Hong Kong’s Push to Lure Family Offices
Hong Kong’s push to attract more global investors and family offices is rapidly gaining steam. This week, the nation’s Financial Services Development Council published a report outlining ways to make the island a more attractive hub for global family offices.
FSDC identified four key areas of potential reform, including making the financial licensing system more flexible and transparent, providing favorable tax treatments to foriegn high networth individuals, tailoring educational programs to meet the talent needs of family offices and the establishment of a one-stop service center to help foreign investors set up family offices in Hong Kong.
A few weeks ago, Rex Ho, FSDC New Business Committee member, indicated that these measures were being considered to boost capital flow and job creation in the country. “The reason why we recommend giving tax incentives to family offices for them to base here is to create social benefit to Hong Kong including job opportunity,” he told the Standard.

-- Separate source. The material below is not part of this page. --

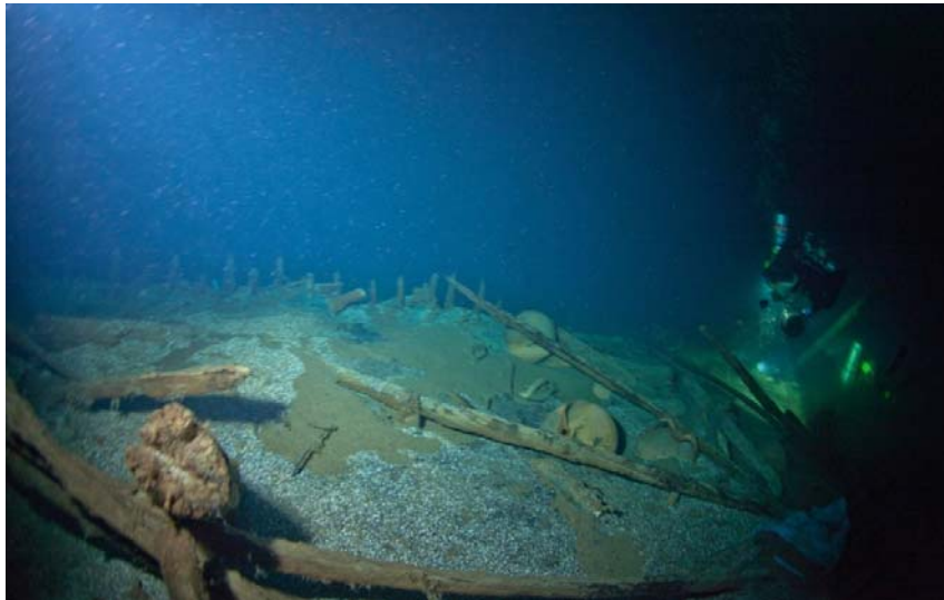
Byzantium shipwreck 2/2 XIII century

In 2004, in conformity with the requirements of the International Convention for the Protection of Underwater Heritage, the Institute of Archaeology of NUAS established the Department of Underwater Heritage of Ukraine - a specialized state-owned enterprise, whose main task is the development of underwater archeology in Ukraine. Scientists of the Department created the first register of underwater cultural heritage of Ukraine, and the map "Monuments of underwater cultural heritage of Ukraine." All known and open objects were put on the state scientific register. All objects of archeology and history in exclusive /marine /economical zone, territorial sea and internal waters of Ukraine were recorded for the first time on the Register and on the map. 2,514 objects were registered. The presence of a gray-hydrogen layer in the Black Sea gives the chance for the discovery of well-preserved monuments even from antiquity in its depths.

Hong Kong’s position as the dominant financial hub in Asia is looking increasingly shaky after the implementation of China’s new national security law. According to the Financial Times, rivals such as Tokyo and Singapore are trying to snatch Hong Kong’s crown by offering their own generous incentives.
Tokyo recently rolled out visa waivers, tax advice and free office space for finance professionals from Hong Kong. Meanwhile, Singapore has introduced a new corporate structure, known as the Variable Capital Company, to lure the assets of institutions, hedge funds and family offices away from not just Hong Kong, but also the Cayman Islands and Luxembourg.
The ongoing battle between these megacities could make the entire region much more hospitable to the world’s wealthiest families and investors.